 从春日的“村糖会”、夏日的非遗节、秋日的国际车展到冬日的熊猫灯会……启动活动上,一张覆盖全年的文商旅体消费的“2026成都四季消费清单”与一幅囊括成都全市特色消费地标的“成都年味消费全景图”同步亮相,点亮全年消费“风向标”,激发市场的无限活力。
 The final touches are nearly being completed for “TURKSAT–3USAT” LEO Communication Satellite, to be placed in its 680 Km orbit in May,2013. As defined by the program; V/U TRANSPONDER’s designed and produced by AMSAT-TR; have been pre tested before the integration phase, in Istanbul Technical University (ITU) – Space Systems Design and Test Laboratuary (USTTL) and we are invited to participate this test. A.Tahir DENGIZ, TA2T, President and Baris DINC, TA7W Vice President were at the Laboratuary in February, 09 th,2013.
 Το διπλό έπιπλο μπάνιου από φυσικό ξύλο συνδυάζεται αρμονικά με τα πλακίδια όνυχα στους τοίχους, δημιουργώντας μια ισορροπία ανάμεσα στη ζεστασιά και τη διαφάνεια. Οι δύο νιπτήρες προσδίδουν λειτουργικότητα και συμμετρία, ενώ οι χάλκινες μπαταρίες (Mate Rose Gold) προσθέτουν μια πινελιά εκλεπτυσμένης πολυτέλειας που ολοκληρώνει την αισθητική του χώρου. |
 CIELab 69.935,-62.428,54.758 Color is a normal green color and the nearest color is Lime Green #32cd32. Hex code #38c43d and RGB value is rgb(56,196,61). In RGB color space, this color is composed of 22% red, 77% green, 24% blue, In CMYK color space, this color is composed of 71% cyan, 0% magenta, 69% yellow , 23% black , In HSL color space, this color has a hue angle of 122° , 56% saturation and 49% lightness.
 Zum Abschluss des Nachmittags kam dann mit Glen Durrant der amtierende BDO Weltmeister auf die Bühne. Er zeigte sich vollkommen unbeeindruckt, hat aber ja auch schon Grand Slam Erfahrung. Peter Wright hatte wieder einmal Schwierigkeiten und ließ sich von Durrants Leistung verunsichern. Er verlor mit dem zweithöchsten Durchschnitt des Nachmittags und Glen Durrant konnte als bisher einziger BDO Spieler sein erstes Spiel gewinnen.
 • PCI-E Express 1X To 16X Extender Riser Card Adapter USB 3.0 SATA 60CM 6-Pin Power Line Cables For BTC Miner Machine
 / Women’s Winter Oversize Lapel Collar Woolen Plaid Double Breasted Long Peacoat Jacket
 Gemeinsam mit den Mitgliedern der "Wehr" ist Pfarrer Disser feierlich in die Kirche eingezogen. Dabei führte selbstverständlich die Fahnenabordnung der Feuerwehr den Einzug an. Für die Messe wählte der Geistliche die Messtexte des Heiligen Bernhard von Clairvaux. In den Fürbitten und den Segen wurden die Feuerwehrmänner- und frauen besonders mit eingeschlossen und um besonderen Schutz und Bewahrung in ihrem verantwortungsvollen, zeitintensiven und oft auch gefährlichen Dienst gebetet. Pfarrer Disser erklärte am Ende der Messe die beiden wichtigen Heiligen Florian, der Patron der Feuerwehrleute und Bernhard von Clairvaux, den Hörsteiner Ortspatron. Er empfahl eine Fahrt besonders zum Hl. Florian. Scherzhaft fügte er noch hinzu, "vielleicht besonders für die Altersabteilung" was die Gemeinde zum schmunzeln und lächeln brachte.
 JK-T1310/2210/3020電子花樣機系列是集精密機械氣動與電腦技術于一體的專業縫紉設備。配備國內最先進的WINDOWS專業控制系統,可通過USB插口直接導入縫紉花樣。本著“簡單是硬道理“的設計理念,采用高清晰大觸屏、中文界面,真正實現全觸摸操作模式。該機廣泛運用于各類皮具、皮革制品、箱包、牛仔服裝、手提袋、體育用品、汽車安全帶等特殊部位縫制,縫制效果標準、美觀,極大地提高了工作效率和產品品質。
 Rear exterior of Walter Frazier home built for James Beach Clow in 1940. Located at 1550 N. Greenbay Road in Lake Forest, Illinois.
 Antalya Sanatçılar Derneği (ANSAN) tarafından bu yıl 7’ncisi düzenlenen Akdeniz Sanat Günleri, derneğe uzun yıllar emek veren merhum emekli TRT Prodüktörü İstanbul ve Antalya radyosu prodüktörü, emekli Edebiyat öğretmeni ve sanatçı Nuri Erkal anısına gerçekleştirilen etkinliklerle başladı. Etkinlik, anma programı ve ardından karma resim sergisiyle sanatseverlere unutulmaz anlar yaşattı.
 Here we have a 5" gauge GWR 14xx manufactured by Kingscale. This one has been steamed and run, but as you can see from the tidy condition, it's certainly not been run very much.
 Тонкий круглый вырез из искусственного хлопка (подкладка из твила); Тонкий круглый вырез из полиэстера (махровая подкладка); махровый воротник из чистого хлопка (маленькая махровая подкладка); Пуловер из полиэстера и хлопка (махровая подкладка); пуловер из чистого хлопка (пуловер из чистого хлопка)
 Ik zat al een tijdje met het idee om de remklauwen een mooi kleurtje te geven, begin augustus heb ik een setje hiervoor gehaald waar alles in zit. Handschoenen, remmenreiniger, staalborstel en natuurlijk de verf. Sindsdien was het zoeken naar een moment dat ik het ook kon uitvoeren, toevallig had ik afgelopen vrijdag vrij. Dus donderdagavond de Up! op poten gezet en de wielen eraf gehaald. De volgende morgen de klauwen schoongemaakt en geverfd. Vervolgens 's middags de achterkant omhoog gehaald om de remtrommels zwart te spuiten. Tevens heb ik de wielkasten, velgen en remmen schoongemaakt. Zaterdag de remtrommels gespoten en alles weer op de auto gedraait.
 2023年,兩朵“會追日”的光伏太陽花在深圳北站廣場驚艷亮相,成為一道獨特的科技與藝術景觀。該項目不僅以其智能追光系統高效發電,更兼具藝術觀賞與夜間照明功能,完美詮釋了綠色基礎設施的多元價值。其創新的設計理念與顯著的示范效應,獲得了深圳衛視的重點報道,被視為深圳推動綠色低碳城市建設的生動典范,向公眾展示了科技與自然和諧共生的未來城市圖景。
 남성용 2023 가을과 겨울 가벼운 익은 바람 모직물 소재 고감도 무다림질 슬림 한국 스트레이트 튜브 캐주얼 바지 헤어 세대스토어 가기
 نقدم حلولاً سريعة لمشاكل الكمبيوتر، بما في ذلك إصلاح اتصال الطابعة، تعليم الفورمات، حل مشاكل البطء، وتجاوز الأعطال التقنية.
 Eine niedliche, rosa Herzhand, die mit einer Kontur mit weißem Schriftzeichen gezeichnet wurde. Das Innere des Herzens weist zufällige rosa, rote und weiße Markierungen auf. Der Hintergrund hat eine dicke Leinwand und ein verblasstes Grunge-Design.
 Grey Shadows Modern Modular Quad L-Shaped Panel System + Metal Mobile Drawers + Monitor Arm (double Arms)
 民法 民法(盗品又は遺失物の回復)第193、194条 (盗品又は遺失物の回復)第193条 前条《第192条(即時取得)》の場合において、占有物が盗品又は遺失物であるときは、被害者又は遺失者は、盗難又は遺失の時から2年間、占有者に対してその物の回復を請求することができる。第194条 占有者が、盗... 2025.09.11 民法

— REQUIRED WORK —
Review the entries above and return every line where "have" appears.

— SOLUTION —
 The final touches are nearly being completed for “TURKSAT–3USAT” LEO Communication Satellite, to be placed in its 680 Km orbit in May,2013. As defined by the program; V/U TRANSPONDER’s designed and produced by AMSAT-TR; have been pre tested before the integration phase, in Istanbul Technical University (ITU) – Space Systems Design and Test Laboratuary (USTTL) and we are invited to participate this test. A.Tahir DENGIZ, TA2T, President and Baris DINC, TA7W Vice President were at the Laboratuary in February, 09 th,2013.
 Here we have a 5" gauge GWR 14xx manufactured by Kingscale. This one has been steamed and run, but as you can see from the tidy condition, it's certainly not been run very much.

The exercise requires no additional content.